Does AWS Have a Dirty Little Secret?
I was recently talking with a colleague of mine about where AWS is today. Obviously, these companies are migrating to EC2 & the cloud rapidly. The growth rates are staggering.
The question was…
“What’s good and bad with Amazon today?”
It’s an interesting question. I think there are some dirty little secrets here, but also some very surprising bright spots. This is my take.
Dirty Little Secrets of AWS
These all are from my personal perspective:
1. VPC Is Not Well Understood (FAIL)
This is the biggest one in my mind. Amazon’s security model is all new to traditional ops folks. Many customers I see deploy in “classic EC2”. Other’s deploy haphazerdly in their own VPC, without a clear plan.
The best practices are to have one or more VPCs, with private & public subnet. Put databases in private, and webservers in public. Then create a jump box in the public subnet, and funnel all ssh connections through there, allow any source IP, use users for authentication & auditing (only on this box), then use google-authenticator for 2factor at the command line. It also provides an easy way to decommission accounts, and lock out users who leave the company.
However, most customers have done little of this, or a mixture but not all of it. So, GETTING TO BEST PRACTICES around vpc, would mean deploying a vpc as described, then moving each and every one of your boxes & services over there. Imagine the risk to production services. Imagine the chances of error, even if you’re using Chef or your own standardized AMIs.
Also: Are we fast approaching cloud-mageddon?
2. Feature Fatigue (FAIL)
Another problem is a sort of “paradox of choice”. That is that Amazon is releasing so many new offerings so quickly, few engineers know it all. So, you find a lot of shops implementing things wrong because they didn’t understand a feature. In other words, AWS already solved the problem.
OpenRoad comes to mind. They’ve got media files on the filesystem, when S3 is plainly Amazon’s purpose-built service for this.

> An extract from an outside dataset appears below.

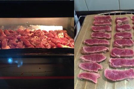 把经过充分晾干的牛肉取下来,平铺在烤盘上,放到烤箱中,打开开关烘烤至少五分钟,注意不能烘烤过度,不然牛肉的口感会很硬,这样就不好吃了。

Is AWS too complex for small dev teams & startups?
Related: Does Amazon eat its own dogfood? Apparently yes!
3. Required Redundancy & Automation (FAIL)
The model here is what Netflix has done with ChaosMonkey. They literally knock machines offline to test their setup. The problem is detected, and new hardware is brought online automatically. Deploying across AZs is another example. As Amazon says, we give you the tools, it’s up to you to implement the resiliency.
But few firms do this. They’re deployed on Amazon as if it’s a traditional hosting platform. So, they’re at risk in various ways. Of Amazon outages. Of hardware problems under the VMs. Of EBS network issues, of localized outages, etc.
Read: Is Amazon too big to fail?
4. Lambda (WIN)
I went to the serverless conference a week ago. It was exciting to see what is happening. It is truly the *bleeding edge* of the cloud. IBM & Azure & Google all have a serverless offering now.
The potential here is huge. Eliminating *ALL* of the server management headaches, from packages to config management & scaling, hiding all of that could have a huge upside. What’s more, it takes the on-demand model even further. You have no compute running idle until you hit an endpoint. Cost savings could be huge. Wonder if it has the potential to cannibalize Amazon’s own EC2 … we’ll see.
Charity Majors wrote a very good critical piece – WTF is Operations? #serverless
Patrick Dubois
From serverless to Service Full – How the mindset of devops is evolving from Patrick Debois
Also: Is the difference between dev & ops a four-letter word?
5. Redshift (WIN)
Seems like *everybody* is deploying a data warehouse on Redshift these days. It’s no wonder, because they already have their transactional database, their web backend on RDS of some kind. So, it makes sense that Amazon would build an offering for reporting.
I’ve heard customers rave about reports that took 10 hours on MySQL to run in under a minute on Redshift. It’s not surprising because MySQL wasn’t built for the size of servers it’s being deployed on today. So, it doesn’t make good use of all that memory. Even with SSD drives, query plans can execute badly.
Conclusion
AWS has some dirty little secrets, but also some bright spots. The biggest issue is that many customers don’t fully understand Amazon’s security model, particularly with VPC. Feature fatigue is also a problem, with so many new offerings being released quickly. Required redundancy and automation are often neglected, leaving firms at risk. However, Lambda and Redshift are big wins for AWS. Lambda eliminates server management headaches, while Redshift offers fast reporting capabilities.